When you reach the line that contains "சீனாவின், அன்ஹுய் மாகாணத்தில்", begin copying exactly, and continue through the last line of the data; no pictures belong in the copy.

-------- Provided information

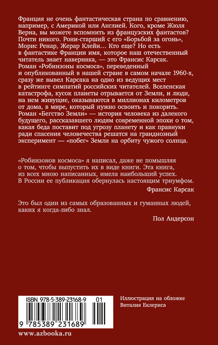Роман "Робинзоны космоса", переведенный и опубликованный в нашей стране в самом начале 1960-х, сразу же вывел Карсака на одно из ведущих мест в рейтинге симпатий российских читателей. Вселенская катастрофа, кусок планеты отрывается от Земли, и люди, на нем живущие, оказываются в миллионах километров от дома, в мире, который нужно освоить и покорить.
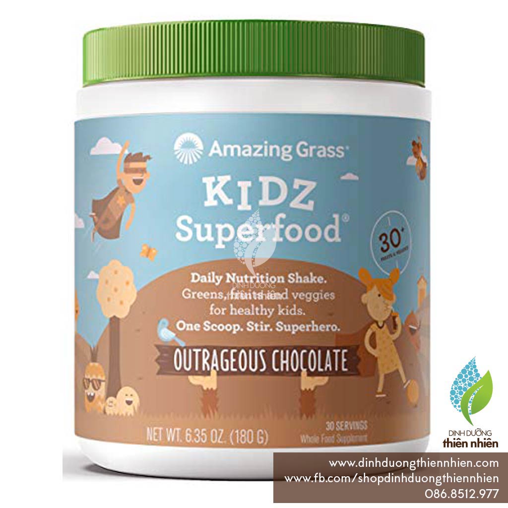 Bột Siêu Thực Phẩm Hữu Cơ Cho Trẻ Em Amazing Grass Kidz SuperFood, Vị Chocolate, 180g/ hủ
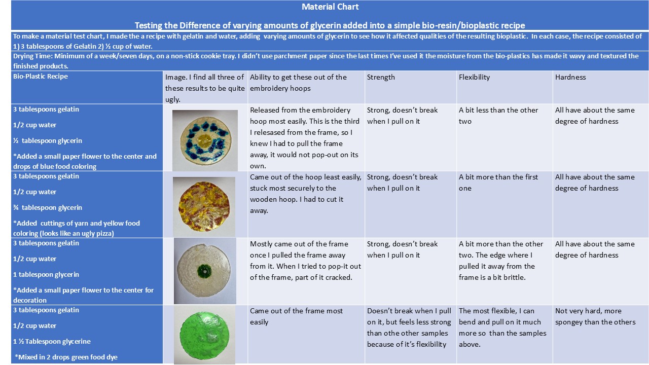Here is materials chart to compare the effect of varying amount of glycerine on bioplastic
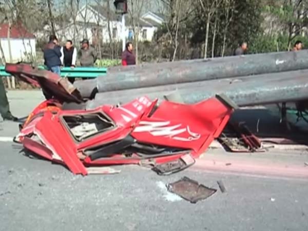 சீனாவின், அன்ஹுய் மாகாணத்தில் உள்ள சூஸோ என்ற நகரில் இந்த விபத்து நடந்தது. அங்குள்ள சாலை சந்திப்பை கடக்க முற்பட்டபோது அந்த டிரக் விபத்தில் சிக்கியது.
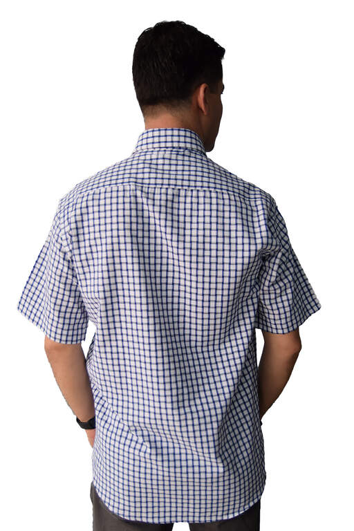 Navy Blue Grey Checked Buttoned Collar One Pocket Classic Cut Cotton Short Sleeve Men's Shirt on White Ground
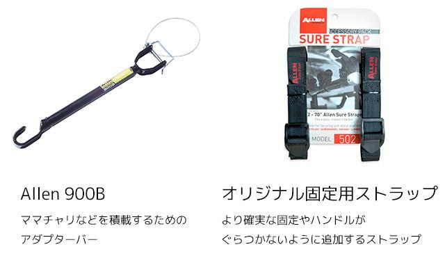 ※ママチャリなどトップチューブが無い自転車の場合は別途アダプターを取り付けます。品番「Allen 900B」 (リターンには固定ベルトやアダプターセットの物もあります。)
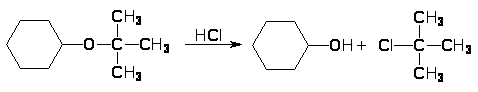 Особенно склонны к расщеплению третичные аллильные и бензильные эфиры. Третичный бутиловый эфир расщепляется соляной кислотой при обычной температуре по механизму S>N>1:
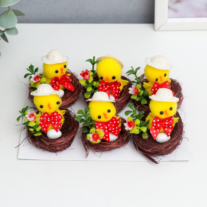УЦЕНКА Фигурки пасхальные «Цыплёнок в шляпке в гнезде с цветком», набор 6 шт., 3×4×4 см
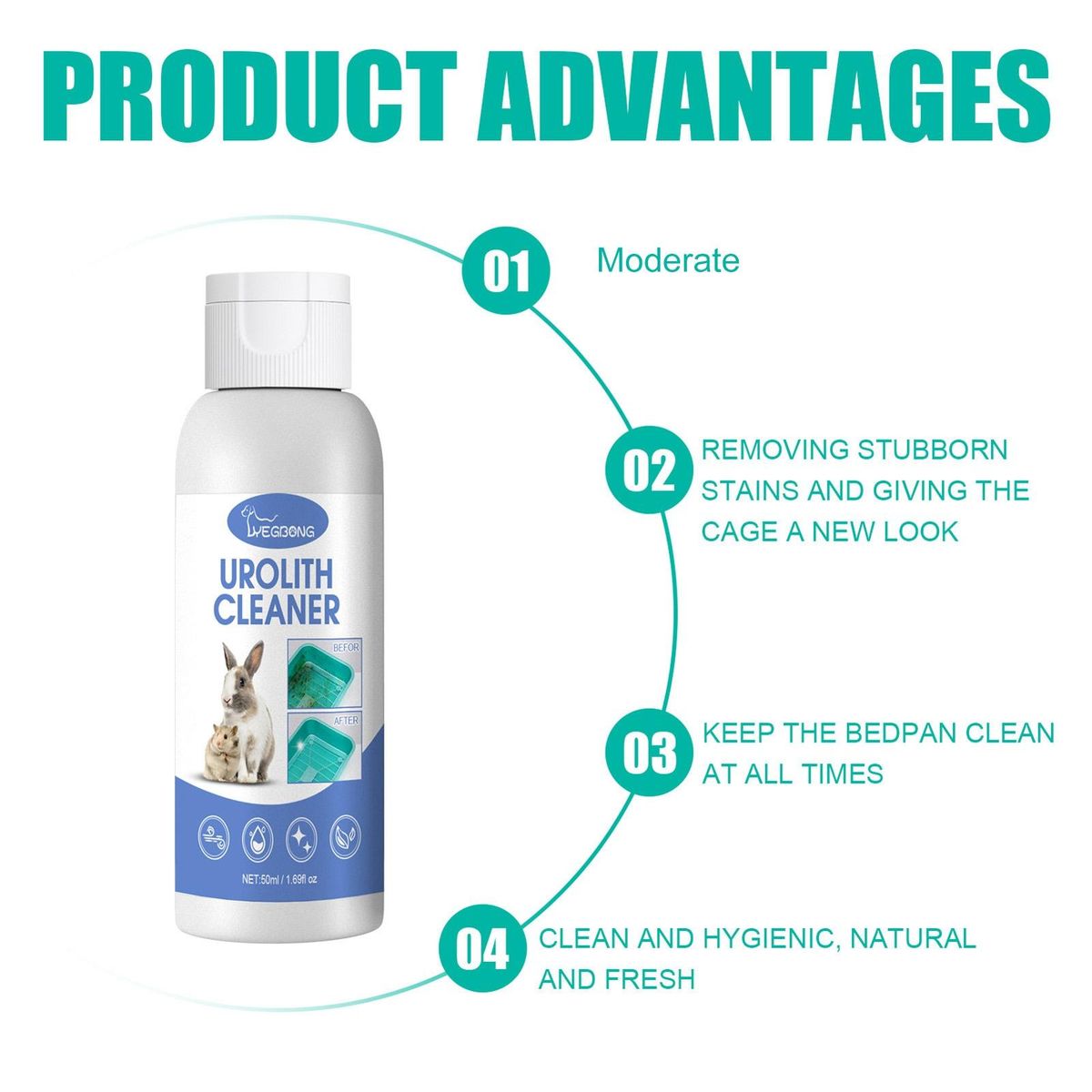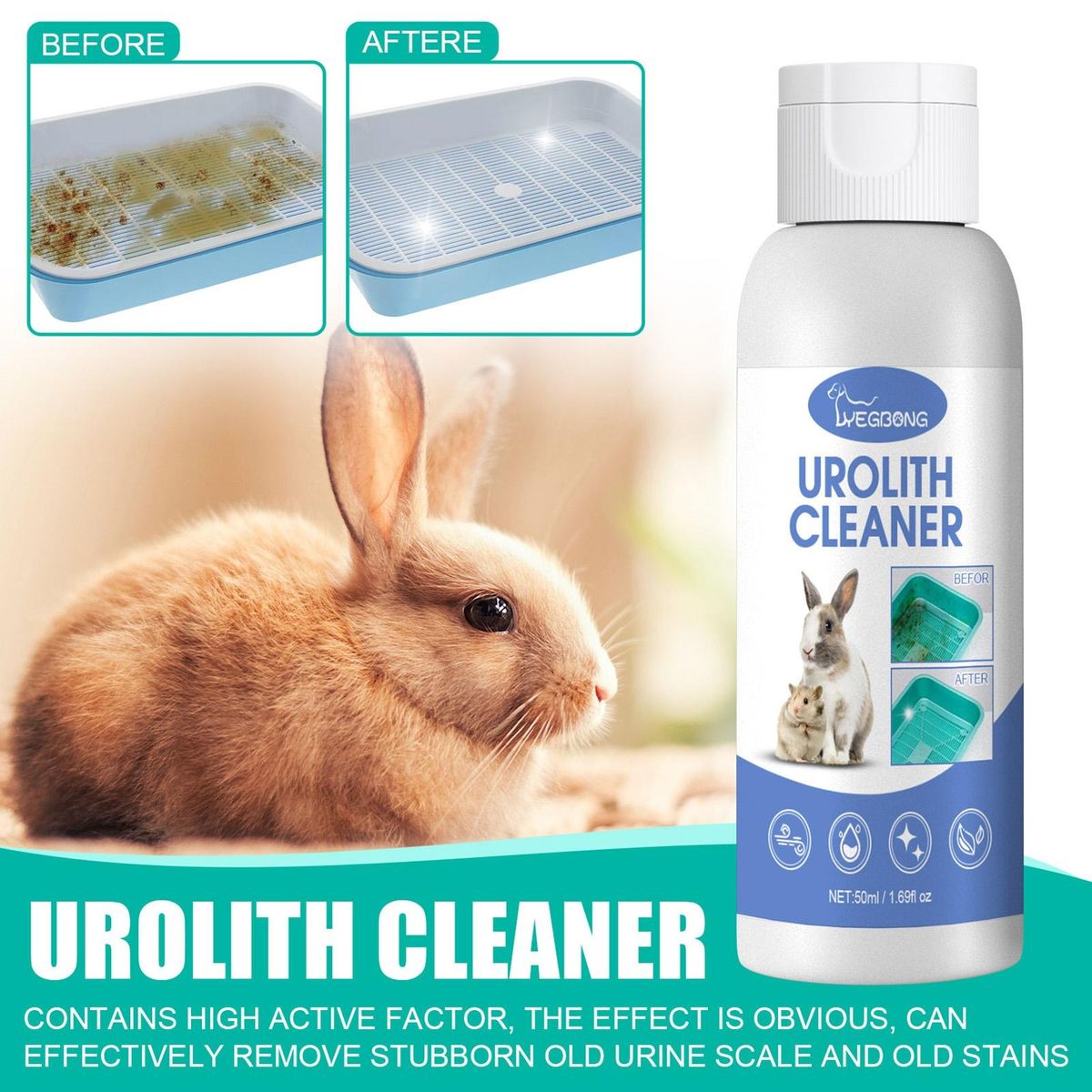 Urolith cleaner can be used to clean the potty of chinchillas, rabbits and hamsters, which show its multifunctional.

----------------

Task solution:
 சீனாவின், அன்ஹுய் மாகாணத்தில் உள்ள சூஸோ என்ற நகரில் இந்த விபத்து நடந்தது. அங்குள்ள சாலை சந்திப்பை கடக்க முற்பட்டபோது அந்த டிரக் விபத்தில் சிக்கியது.
 Navy Blue Grey Checked Buttoned Collar One Pocket Classic Cut Cotton Short Sleeve Men's Shirt on White Ground
 ※ママチャリなどトップチューブが無い自転車の場合は別途アダプターを取り付けます。品番「Allen 900B」 (リターンには固定ベルトやアダプターセットの物もあります。)
 Особенно склонны к расщеплению третичные аллильные и бензильные эфиры. Третичный бутиловый эфир расщепляется соляной кислотой при обычной температуре по механизму S>N>1:
УЦЕНКА Фигурки пасхальные «Цыплёнок в шляпке в гнезде с цветком», набор 6 шт., 3×4×4 см
 Urolith cleaner can be used to clean the potty of chinchillas, rabbits and hamsters, which show its multifunctional.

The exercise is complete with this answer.